VM shutdown, KVM: entry failed, hardware error 0x80000021

We have a Huawei RH2288 v3 rack server with 2x Xeon E5-2680 v4 (Broadwell-EP) running PVE 7.1

BIOS microcode version is 0xb000038

We have an ubuntu server VM have this problem, but Windows server 2019, 2022 do not ran into this.

In detail: this VM will shutdown because of that assertion fail after up about 11-14 hours (or in midnight, not sure which condition is critical).

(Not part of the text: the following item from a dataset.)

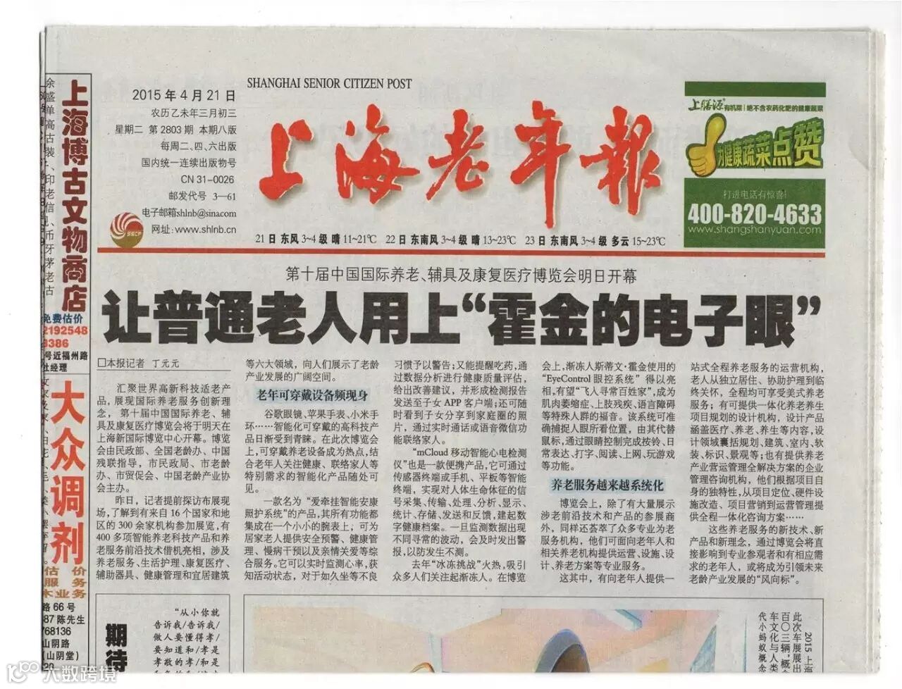2015年4月21日,青研“EyeControl眼控系统”亮相《上海老年报》头版头条

We have tried these with no luck:

- Tried different pve-kernel releases: 5.13.19-2 5.15.35(latest), 5.13.19-6(mentioned above, after 28 hour, in midnight, it crashed).
- Update microcode to 0xb000040 (intel marked as "with caveats" because of BDX90 (see https://www.intel.com/content/dam/w...cification-updates/xeon-e7-v4-spec-update.pdf))
- `mitigation=off` kernel arguments
- disable nested kvm via kvm module options

So with information in this thread, we guess:

- This problem only occurs in intel broadwell and haswell cpus
- This problem is a kernel (kvm) bug
- After about 12h running / at midnight with low load, the guest kernel try to do some (cpu or power) state change and trigger this bug

Should we just comment that assertion out to "workaround" it?

Further read:

- https://www.reddit.com/r/VFIO/comments/s1k5yg/win10_guest_crashes_after_a_few_minutes/
- https://access.redhat.com/solutions/5749121
- https://gitlab.com/qemu-project/qemu/-/issues/1047 (may not relative)
- https://bugzilla.kernel.org/show_bug.cgi?id=216003 (may not relative)
 
Ok guys. It's work for me 2+ days no crashes.

I want to share My fixing steps with you:

Note: My host : PVE 7.2 (new kernel 5.15.35-1-pve), my guest what crashes randomly: windows server 2022

1. step install Intel-Microcode install steps here: https://wiki.debian.org/Microcode

2. step: set mitigations=off
Code:
nano /etc/default/grub
find&change this line:
  GRUB_CMDLINE_LINUX_DEFAULT="quiet mitigations=off"

update-grub2
reboot

solved my problem.

Please Note that mitigations=off coming with some security issues for the host . look here: https://unix.stackexchange.com/questions/554908/disable-spectre-and-meltdown-mitigations

Another way is downgrade PVE kernel to 5.13 but after some days it can be problem. because PVE's maybe stop old kernel support next releases.


maybe can help you.

Edit: if set mitigations=off, crash during live backup. now best way is old kernel for me

I am running a Windows Server 2022 Standard and have tried the settings of @kyesil for my host. Additionally I have changed the machine version to 6.2 and I am running kernel 5.15.35-2-pve.
1655112367424.png

So far my Windows Server 2022 Standard is running without any crashes for 5 days. Before performing these changes the VM crashed twice a day, for now it is running stable without any issues.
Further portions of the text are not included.